=== What to do ===
Only one stretch of the records below is wanted: the lines from the one holding "С необычными коконами, где" through the one holding "Man with curly". Return it exactly, both ends included.

:: Provided information ::

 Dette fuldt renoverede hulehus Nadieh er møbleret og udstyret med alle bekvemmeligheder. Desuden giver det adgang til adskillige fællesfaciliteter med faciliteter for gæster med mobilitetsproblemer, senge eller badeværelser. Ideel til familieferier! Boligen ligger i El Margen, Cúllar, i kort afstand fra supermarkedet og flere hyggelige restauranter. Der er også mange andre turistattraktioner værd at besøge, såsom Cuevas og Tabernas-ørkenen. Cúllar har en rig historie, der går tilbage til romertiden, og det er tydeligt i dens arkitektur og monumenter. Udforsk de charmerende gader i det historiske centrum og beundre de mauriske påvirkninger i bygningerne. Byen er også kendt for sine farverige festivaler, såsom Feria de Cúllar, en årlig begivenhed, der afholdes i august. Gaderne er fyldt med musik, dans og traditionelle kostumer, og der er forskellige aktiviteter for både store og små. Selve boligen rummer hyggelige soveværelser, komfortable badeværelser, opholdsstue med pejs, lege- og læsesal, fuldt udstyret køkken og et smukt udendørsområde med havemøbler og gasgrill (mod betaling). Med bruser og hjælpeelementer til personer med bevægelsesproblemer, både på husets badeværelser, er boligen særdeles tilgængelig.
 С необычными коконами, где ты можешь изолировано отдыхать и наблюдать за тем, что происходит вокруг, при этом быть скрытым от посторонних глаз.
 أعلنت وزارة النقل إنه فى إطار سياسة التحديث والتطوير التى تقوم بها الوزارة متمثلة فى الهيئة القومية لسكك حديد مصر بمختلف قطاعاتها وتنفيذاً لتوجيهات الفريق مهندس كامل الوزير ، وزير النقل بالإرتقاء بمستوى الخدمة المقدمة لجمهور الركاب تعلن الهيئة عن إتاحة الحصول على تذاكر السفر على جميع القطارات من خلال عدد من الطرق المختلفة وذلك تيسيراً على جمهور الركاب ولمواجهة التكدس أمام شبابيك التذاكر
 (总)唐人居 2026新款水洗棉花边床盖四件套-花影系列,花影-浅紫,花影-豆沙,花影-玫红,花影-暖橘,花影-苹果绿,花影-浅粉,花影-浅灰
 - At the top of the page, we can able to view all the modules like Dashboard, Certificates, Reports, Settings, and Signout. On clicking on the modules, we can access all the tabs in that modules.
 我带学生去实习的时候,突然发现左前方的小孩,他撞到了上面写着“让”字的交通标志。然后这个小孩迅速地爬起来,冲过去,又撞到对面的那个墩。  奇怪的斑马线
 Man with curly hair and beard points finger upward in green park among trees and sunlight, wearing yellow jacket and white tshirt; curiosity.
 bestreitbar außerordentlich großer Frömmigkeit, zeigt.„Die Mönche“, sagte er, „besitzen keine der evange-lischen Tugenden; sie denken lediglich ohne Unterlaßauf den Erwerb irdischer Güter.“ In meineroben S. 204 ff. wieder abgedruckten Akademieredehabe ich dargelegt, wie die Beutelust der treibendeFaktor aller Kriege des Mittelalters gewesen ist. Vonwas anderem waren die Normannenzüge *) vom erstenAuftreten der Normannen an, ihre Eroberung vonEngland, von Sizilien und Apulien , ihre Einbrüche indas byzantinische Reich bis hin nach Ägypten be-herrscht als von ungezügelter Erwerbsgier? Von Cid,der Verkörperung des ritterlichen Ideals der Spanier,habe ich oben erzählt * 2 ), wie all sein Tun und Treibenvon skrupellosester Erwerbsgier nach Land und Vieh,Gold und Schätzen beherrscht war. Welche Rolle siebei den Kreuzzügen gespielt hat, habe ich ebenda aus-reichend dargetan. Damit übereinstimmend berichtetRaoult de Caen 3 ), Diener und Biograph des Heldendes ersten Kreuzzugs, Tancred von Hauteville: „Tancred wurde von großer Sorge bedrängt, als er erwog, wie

:::

=== Solution ===
 С необычными коконами, где ты можешь изолировано отдыхать и наблюдать за тем, что происходит вокруг, при этом быть скрытым от посторонних глаз.
 أعلنت وزارة النقل إنه فى إطار سياسة التحديث والتطوير التى تقوم بها الوزارة متمثلة فى الهيئة القومية لسكك حديد مصر بمختلف قطاعاتها وتنفيذاً لتوجيهات الفريق مهندس كامل الوزير ، وزير النقل بالإرتقاء بمستوى الخدمة المقدمة لجمهور الركاب تعلن الهيئة عن إتاحة الحصول على تذاكر السفر على جميع القطارات من خلال عدد من الطرق المختلفة وذلك تيسيراً على جمهور الركاب ولمواجهة التكدس أمام شبابيك التذاكر
 (总)唐人居 2026新款水洗棉花边床盖四件套-花影系列,花影-浅紫,花影-豆沙,花影-玫红,花影-暖橘,花影-苹果绿,花影-浅粉,花影-浅灰
 - At the top of the page, we can able to view all the modules like Dashboard, Certificates, Reports, Settings, and Signout. On clicking on the modules, we can access all the tabs in that modules.
 我带学生去实习的时候,突然发现左前方的小孩,他撞到了上面写着“让”字的交通标志。然后这个小孩迅速地爬起来,冲过去,又撞到对面的那个墩。  奇怪的斑马线
 Man with curly hair and beard points finger upward in green park among trees and sunlight, wearing yellow jacket and white tshirt; curiosity.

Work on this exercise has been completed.